I shrug as the cop keeps my wallet and keeps his hands around the cash, stepping back from me. He’ll pocket my money, I know he will. It won’t even make the police report. The other cop has the gun trained on my heart, which I now realize is beating rather quickly.

“We had a report of a theft up at a place called Lakeside, at the hotel there. Someone robbed the cash drawer tonight. Know anything about that, Mr. Strom?” Officer Clark asks.

Oh, this is ridiculous. I am not going to be tripped up by a petty theft.

“I have no idea what you’re talking about,” I say. “Can I put my hands down?”

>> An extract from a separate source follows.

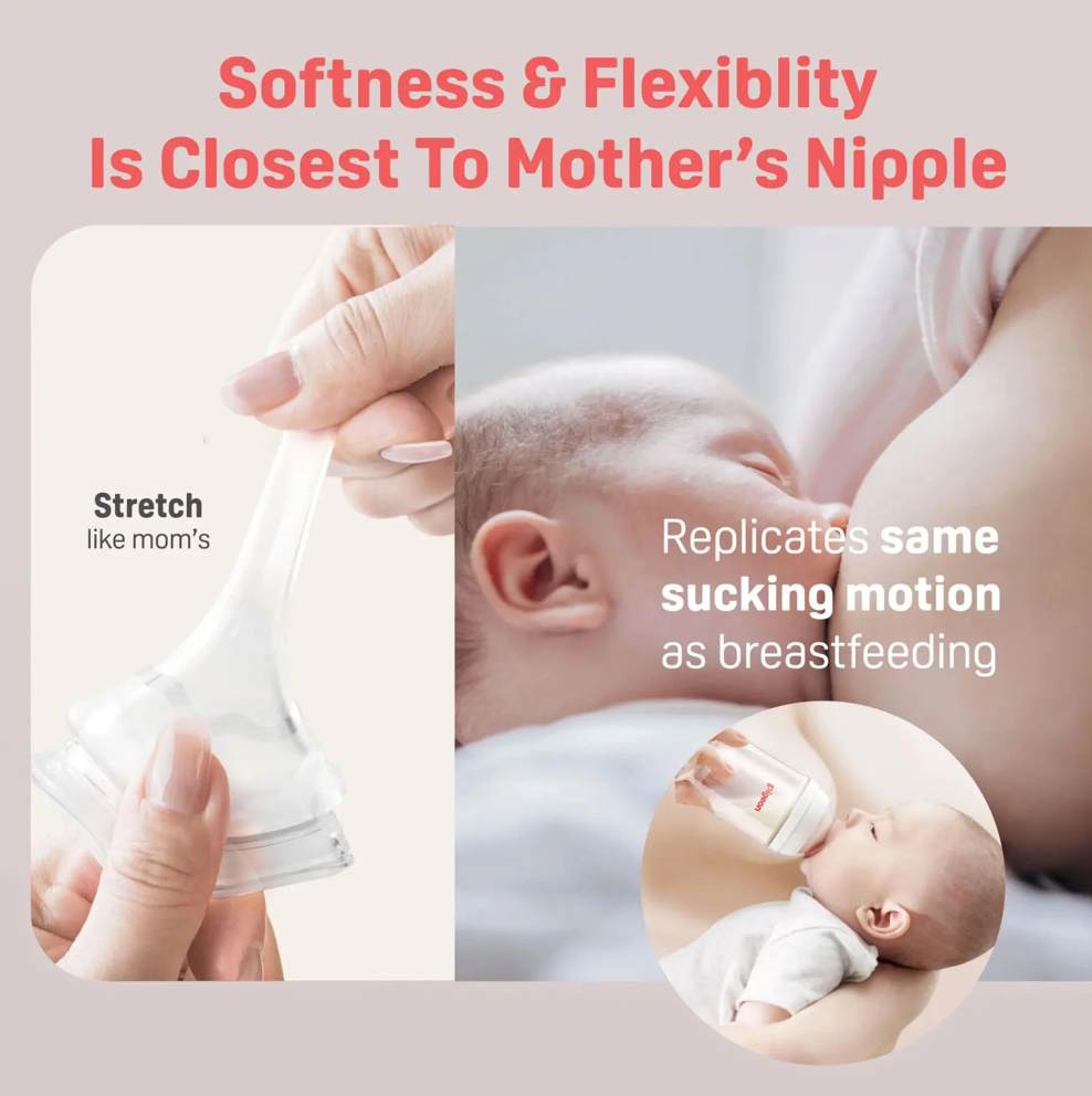 The Breastfeeding Experience bottle and nipple were developed with the goal of smooth use in combination with breastfeeding and allowing babies to drink with the same mouth movements as breastfeeding. It supports a baby's proper latch and smooth tongue movements, making breastfeeding a comfortable experience. Latch-On®: the wavy line on the nipple indicates how deep a baby should latch on. This line serves as a guide for moms and dads who are unsure how deep their baby should latch on. This Latch-On® guides babies to a proper latch and supports smooth breastfeeding. Latch-on refers to the moment a mother places her nipple in her baby's mouth just as the baby begins to latch on to the mother's nipple. Once latch-on is successful, your baby and you can start breastfeeding smoothly.

“Weren’t you just there, in Lakeside, sir?” the ugly guy asks. Why does he insist on calling me sir, like I’m an old man? Sure, he’s young but look at that face. I’d rather be me. “They relayed your license plate number. We know it was you, sir. That you were there. There’s a camera in the lobby.” Interesting. I didn’t see that. Those cameras are getting smaller every day. Looks as if Scott will be off the hook for this one, after all. Fine. Everything is beatable, escapable. You just need to use your brain, and mine is second to none.

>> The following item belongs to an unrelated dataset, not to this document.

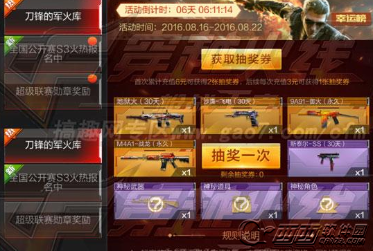cf手游刀锋的军火库抽奖券怎么获得?刀锋的军火库抽奖技巧攻略,cf手游迎来了军火库抽奖限时活动,通过军火库抽奖券抽奖可以获得永久或者限时武器,还有神秘角色和神秘礼包等等,那么cf手游刀锋的军火库抽奖券怎么获得?下面给大家带来刀锋的军火库抽奖技巧攻略。

“Put your hands behind your back, Mr. Strom. We’re taking you to the station,” Officer Clark says. What choice do I have? It’s two of them against me, and I’m unarmed. I know what you’re thinking. I handled Buck deftly, although I should have finished him off. Could I take these two? Most likely. But I’ll be released as soon as I post bail. Why make a fuss now? Better to go to the station, get these peons off my back, climb in my car and drive off into my future the next day. Heck, I’m already packed. I look longingly at my suitcase, a Rimowa dark gray, very stylish, and decide to comply.

They handcuff me and lead me out of my house. Thankfully it’s still dark. Thankfully my boys did not witness this embarrassment. I’ll never tell them about it either, when I see them again. And I will see them again.

As I slide into the back seat, Officer Clark pushes my head down, roughly.

“Hey,” I say. “Don’t make me file a brutality charge.”

“I’d zip it if I were you, Mr. Strom,” Officer Clark says before slamming the car door. He reappears in the driver’s seat, as Officer Miles slides into the passenger seat. I see now that there are two more squad cars parked on the street in front of my house.

“Hope you enjoyed your last day of freedom, scumbag,” Officer Miles says.

I will not go to prison for petty theft, no matter what Ugly Face wishes for. The prisons are not for people like me. They are for dumb druggies and inner-city people. Mia and Buck won’t tell them anything else, because they want me to just go away. And I will, at least for now. I know how badly I hurt good old Buck. Maybe Buck is dead. One can only hope.